▶ _What the task requires_: Below is a block of records; return all of them exactly, but without the images.

▶ _Dataset extract_:
● ● ● ● ●

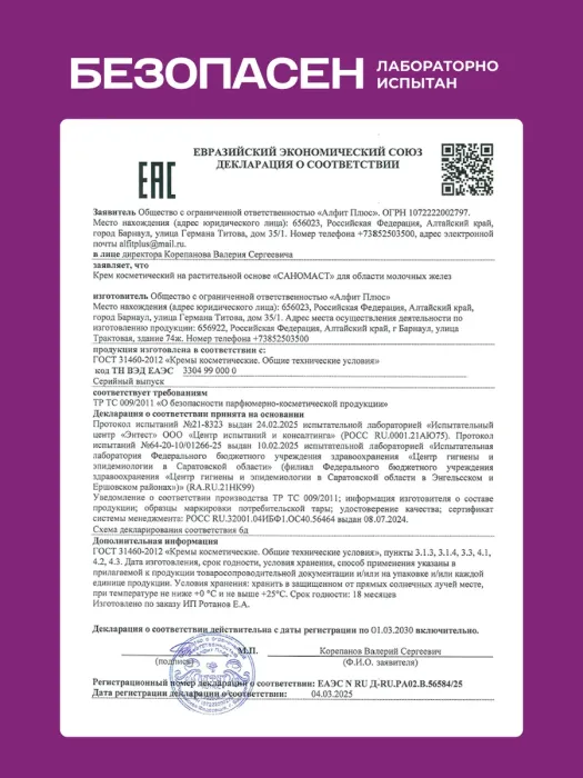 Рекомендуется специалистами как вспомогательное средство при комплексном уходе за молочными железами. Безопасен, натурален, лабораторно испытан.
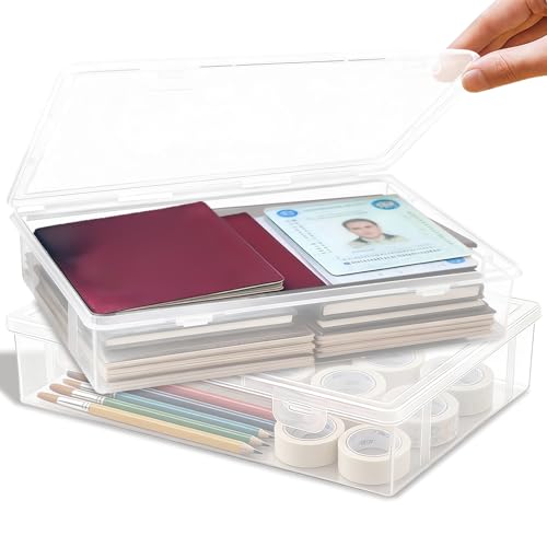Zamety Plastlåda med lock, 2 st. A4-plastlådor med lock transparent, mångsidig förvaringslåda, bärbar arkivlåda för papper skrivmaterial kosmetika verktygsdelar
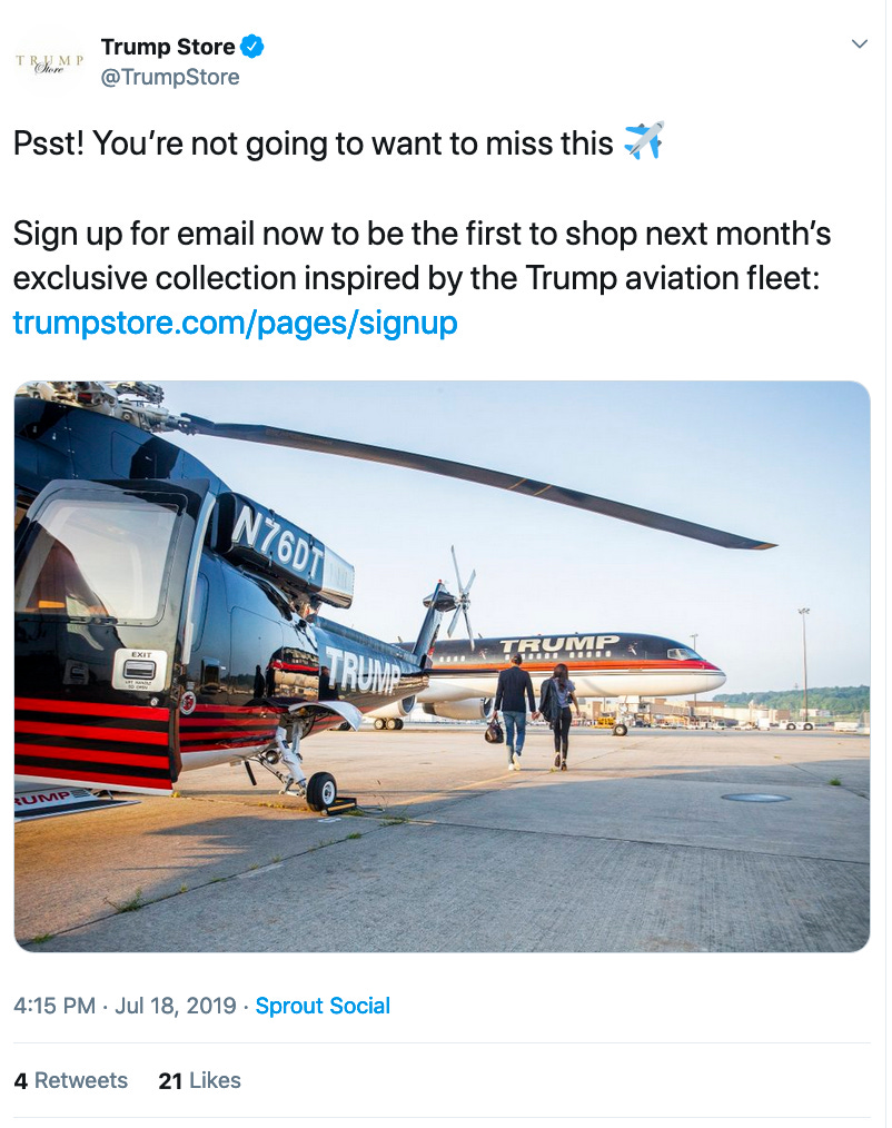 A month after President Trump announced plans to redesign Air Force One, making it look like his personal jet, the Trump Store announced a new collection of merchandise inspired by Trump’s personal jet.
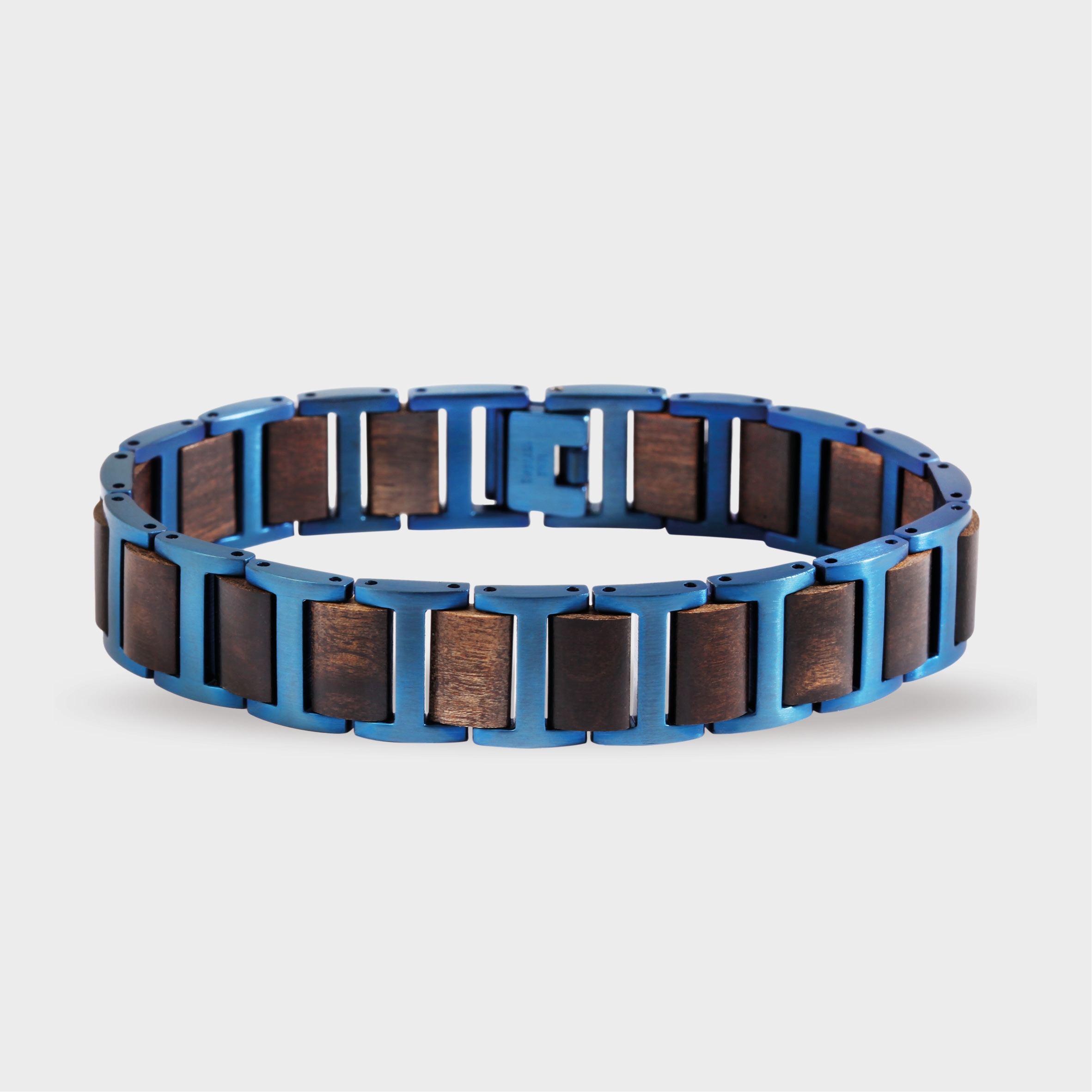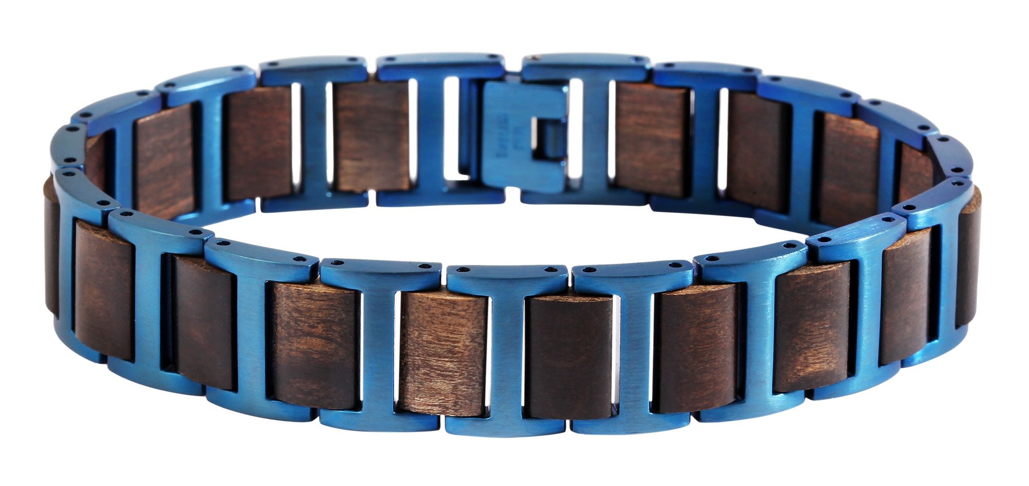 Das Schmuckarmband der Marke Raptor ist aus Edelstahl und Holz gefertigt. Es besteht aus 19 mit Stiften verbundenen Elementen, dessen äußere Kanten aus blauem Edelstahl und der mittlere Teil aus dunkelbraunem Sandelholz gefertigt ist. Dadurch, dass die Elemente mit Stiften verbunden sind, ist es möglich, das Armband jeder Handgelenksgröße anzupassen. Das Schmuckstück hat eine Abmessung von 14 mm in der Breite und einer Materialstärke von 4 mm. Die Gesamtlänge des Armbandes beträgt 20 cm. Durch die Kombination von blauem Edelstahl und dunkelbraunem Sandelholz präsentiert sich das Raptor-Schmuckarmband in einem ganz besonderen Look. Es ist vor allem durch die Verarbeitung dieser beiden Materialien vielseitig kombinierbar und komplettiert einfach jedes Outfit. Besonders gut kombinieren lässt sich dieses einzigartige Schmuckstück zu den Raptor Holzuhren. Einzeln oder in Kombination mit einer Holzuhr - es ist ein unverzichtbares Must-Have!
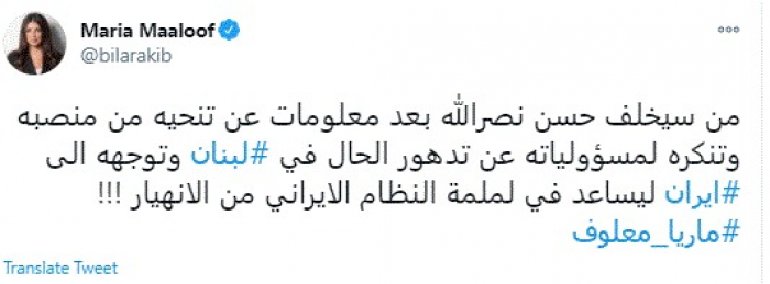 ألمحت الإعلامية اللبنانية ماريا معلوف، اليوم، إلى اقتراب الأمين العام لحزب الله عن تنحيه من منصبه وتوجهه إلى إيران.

● ● ● ● ●

▶ _Solution for this exercise_:
 Рекомендуется специалистами как вспомогательное средство при комплексном уходе за молочными железами. Безопасен, натурален, лабораторно испытан.
Zamety Plastlåda med lock, 2 st. A4-plastlådor med lock transparent, mångsidig förvaringslåda, bärbar arkivlåda för papper skrivmaterial kosmetika verktygsdelar
 A month after President Trump announced plans to redesign Air Force One, making it look like his personal jet, the Trump Store announced a new collection of merchandise inspired by Trump’s personal jet.
 Das Schmuckarmband der Marke Raptor ist aus Edelstahl und Holz gefertigt. Es besteht aus 19 mit Stiften verbundenen Elementen, dessen äußere Kanten aus blauem Edelstahl und der mittlere Teil aus dunkelbraunem Sandelholz gefertigt ist. Dadurch, dass die Elemente mit Stiften verbunden sind, ist es möglich, das Armband jeder Handgelenksgröße anzupassen. Das Schmuckstück hat eine Abmessung von 14 mm in der Breite und einer Materialstärke von 4 mm. Die Gesamtlänge des Armbandes beträgt 20 cm. Durch die Kombination von blauem Edelstahl und dunkelbraunem Sandelholz präsentiert sich das Raptor-Schmuckarmband in einem ganz besonderen Look. Es ist vor allem durch die Verarbeitung dieser beiden Materialien vielseitig kombinierbar und komplettiert einfach jedes Outfit. Besonders gut kombinieren lässt sich dieses einzigartige Schmuckstück zu den Raptor Holzuhren. Einzeln oder in Kombination mit einer Holzuhr - es ist ein unverzichtbares Must-Have!
 ألمحت الإعلامية اللبنانية ماريا معلوف، اليوم، إلى اقتراب الأمين العام لحزب الله عن تنحيه من منصبه وتوجهه إلى إيران.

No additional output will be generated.